EXERCISE AIM. Here is the task for the listing below: output exactly the lines from the one containing "英镑:截至发稿,英镑/美元徘" through the one containing "قَالَ سَالِمٌ: فَسَمِعْتُ", and leave out the pictures.

DATA RECORDS.
************

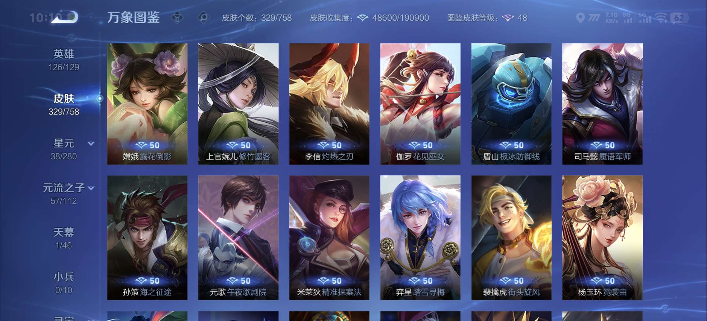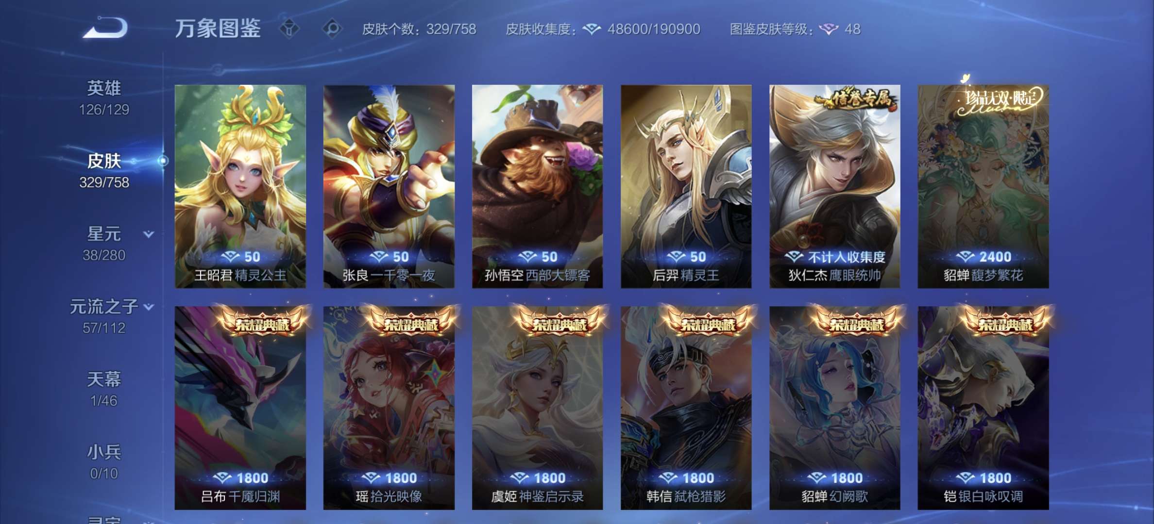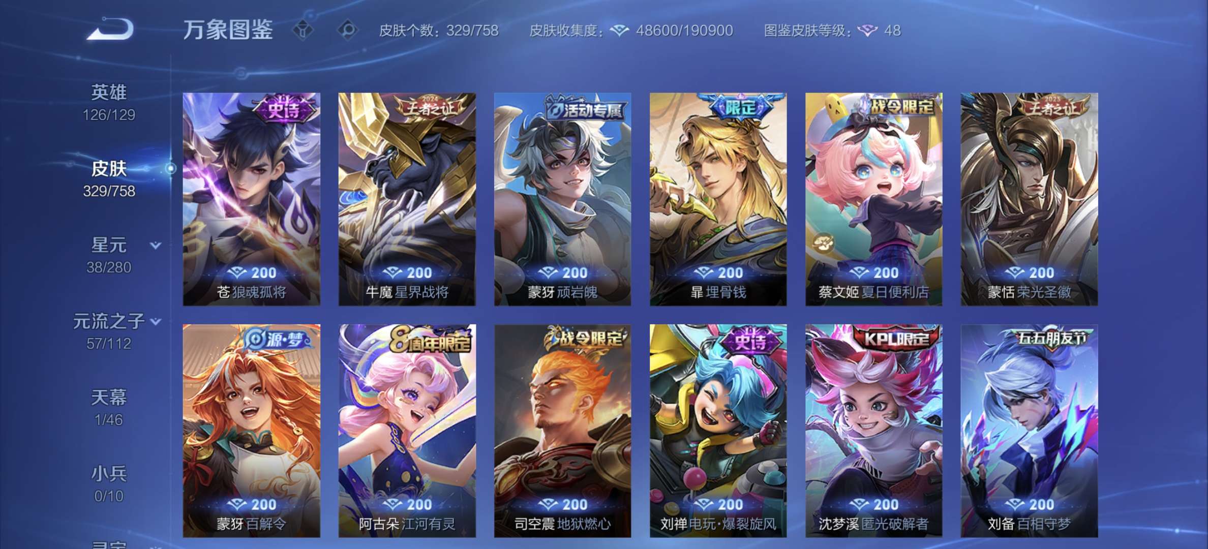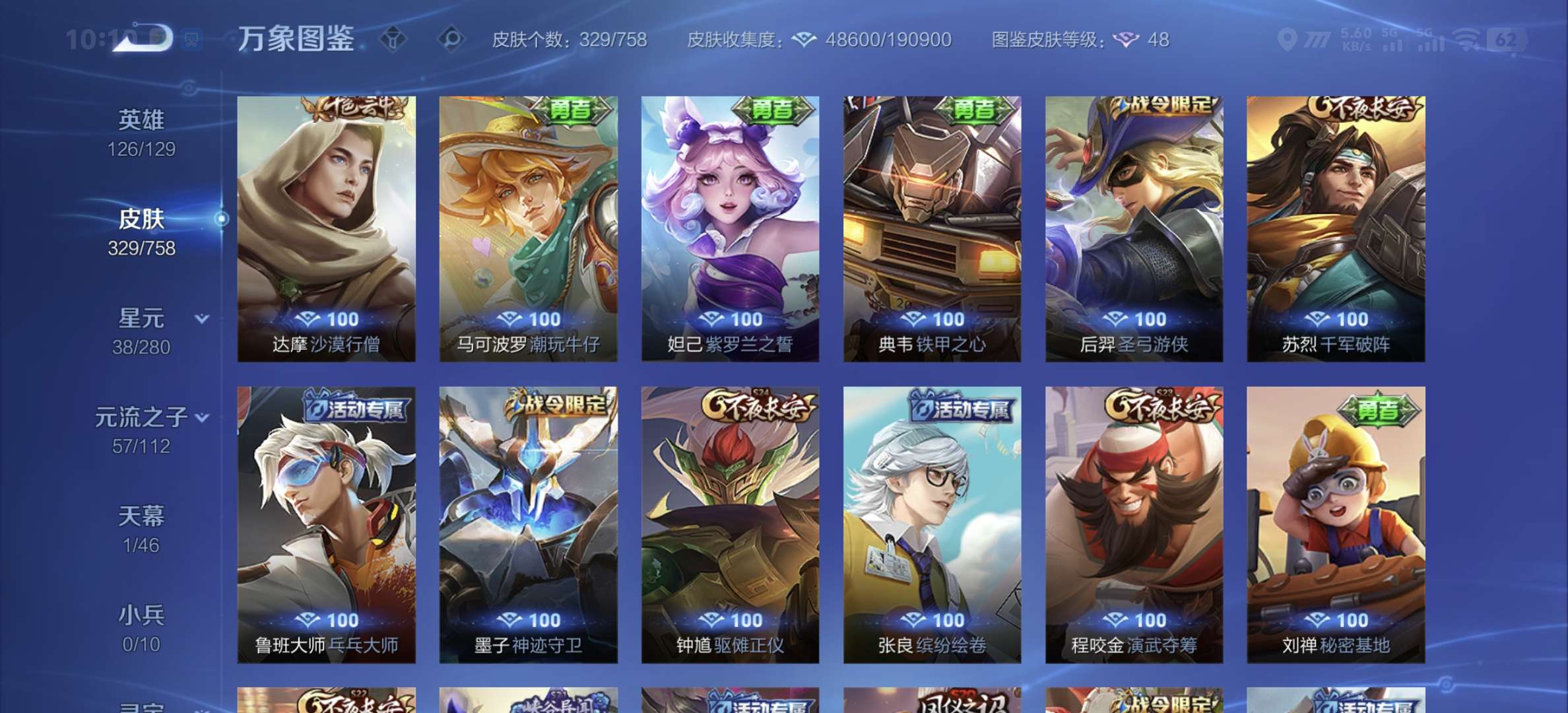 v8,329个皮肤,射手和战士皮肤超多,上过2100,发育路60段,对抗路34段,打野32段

************

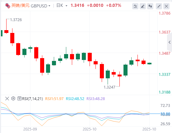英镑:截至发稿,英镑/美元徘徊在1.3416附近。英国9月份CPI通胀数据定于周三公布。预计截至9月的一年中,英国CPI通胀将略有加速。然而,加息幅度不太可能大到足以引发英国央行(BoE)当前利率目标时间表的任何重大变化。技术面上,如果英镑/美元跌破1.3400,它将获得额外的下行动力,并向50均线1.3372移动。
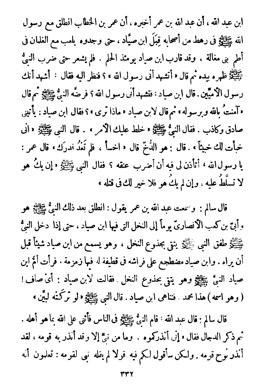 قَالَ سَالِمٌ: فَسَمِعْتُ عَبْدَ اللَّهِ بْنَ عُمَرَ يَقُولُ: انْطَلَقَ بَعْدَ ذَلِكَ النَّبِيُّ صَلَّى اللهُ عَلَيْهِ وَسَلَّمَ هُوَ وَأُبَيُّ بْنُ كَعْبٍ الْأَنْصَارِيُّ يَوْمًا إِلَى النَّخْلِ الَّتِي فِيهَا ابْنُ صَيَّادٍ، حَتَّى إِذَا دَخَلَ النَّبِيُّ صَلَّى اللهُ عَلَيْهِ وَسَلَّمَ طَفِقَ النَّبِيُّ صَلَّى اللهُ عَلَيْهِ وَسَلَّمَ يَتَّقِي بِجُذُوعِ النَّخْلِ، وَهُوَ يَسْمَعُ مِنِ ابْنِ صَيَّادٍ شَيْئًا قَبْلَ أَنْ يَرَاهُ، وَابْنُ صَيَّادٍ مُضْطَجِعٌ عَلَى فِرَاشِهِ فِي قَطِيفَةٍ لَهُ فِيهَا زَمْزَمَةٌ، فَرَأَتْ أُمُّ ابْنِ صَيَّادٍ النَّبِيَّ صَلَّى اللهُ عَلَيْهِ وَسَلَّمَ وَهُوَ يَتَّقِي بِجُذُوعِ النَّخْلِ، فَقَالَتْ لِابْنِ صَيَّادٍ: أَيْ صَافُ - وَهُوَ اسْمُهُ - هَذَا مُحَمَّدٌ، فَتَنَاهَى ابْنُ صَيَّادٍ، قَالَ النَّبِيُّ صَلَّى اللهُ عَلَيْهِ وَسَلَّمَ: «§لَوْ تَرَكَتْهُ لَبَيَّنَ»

************

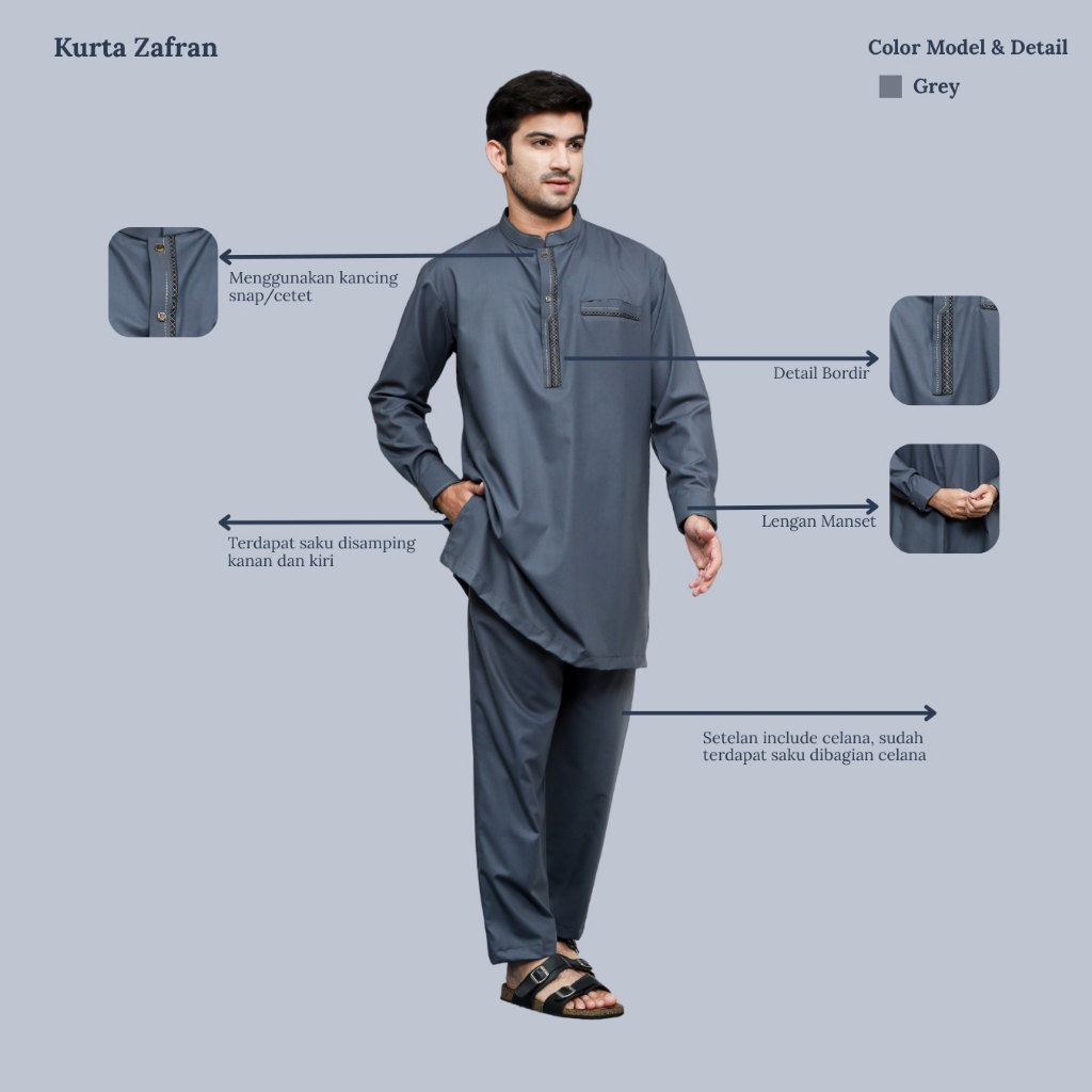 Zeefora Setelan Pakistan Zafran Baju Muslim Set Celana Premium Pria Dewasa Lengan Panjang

************

ANSWER SPACE.
英镑:截至发稿,英镑/美元徘徊在1.3416附近。英国9月份CPI通胀数据定于周三公布。预计截至9月的一年中,英国CPI通胀将略有加速。然而,加息幅度不太可能大到足以引发英国央行(BoE)当前利率目标时间表的任何重大变化。技术面上,如果英镑/美元跌破1.3400,它将获得额外的下行动力,并向50均线1.3372移动。
 قَالَ سَالِمٌ: فَسَمِعْتُ عَبْدَ اللَّهِ بْنَ عُمَرَ يَقُولُ: انْطَلَقَ بَعْدَ ذَلِكَ النَّبِيُّ صَلَّى اللهُ عَلَيْهِ وَسَلَّمَ هُوَ وَأُبَيُّ بْنُ كَعْبٍ الْأَنْصَارِيُّ يَوْمًا إِلَى النَّخْلِ الَّتِي فِيهَا ابْنُ صَيَّادٍ، حَتَّى إِذَا دَخَلَ النَّبِيُّ صَلَّى اللهُ عَلَيْهِ وَسَلَّمَ طَفِقَ النَّبِيُّ صَلَّى اللهُ عَلَيْهِ وَسَلَّمَ يَتَّقِي بِجُذُوعِ النَّخْلِ، وَهُوَ يَسْمَعُ مِنِ ابْنِ صَيَّادٍ شَيْئًا قَبْلَ أَنْ يَرَاهُ، وَابْنُ صَيَّادٍ مُضْطَجِعٌ عَلَى فِرَاشِهِ فِي قَطِيفَةٍ لَهُ فِيهَا زَمْزَمَةٌ، فَرَأَتْ أُمُّ ابْنِ صَيَّادٍ النَّبِيَّ صَلَّى اللهُ عَلَيْهِ وَسَلَّمَ وَهُوَ يَتَّقِي بِجُذُوعِ النَّخْلِ، فَقَالَتْ لِابْنِ صَيَّادٍ: أَيْ صَافُ - وَهُوَ اسْمُهُ - هَذَا مُحَمَّدٌ، فَتَنَاهَى ابْنُ صَيَّادٍ، قَالَ النَّبِيُّ صَلَّى اللهُ عَلَيْهِ وَسَلَّمَ: «§لَوْ تَرَكَتْهُ لَبَيَّنَ»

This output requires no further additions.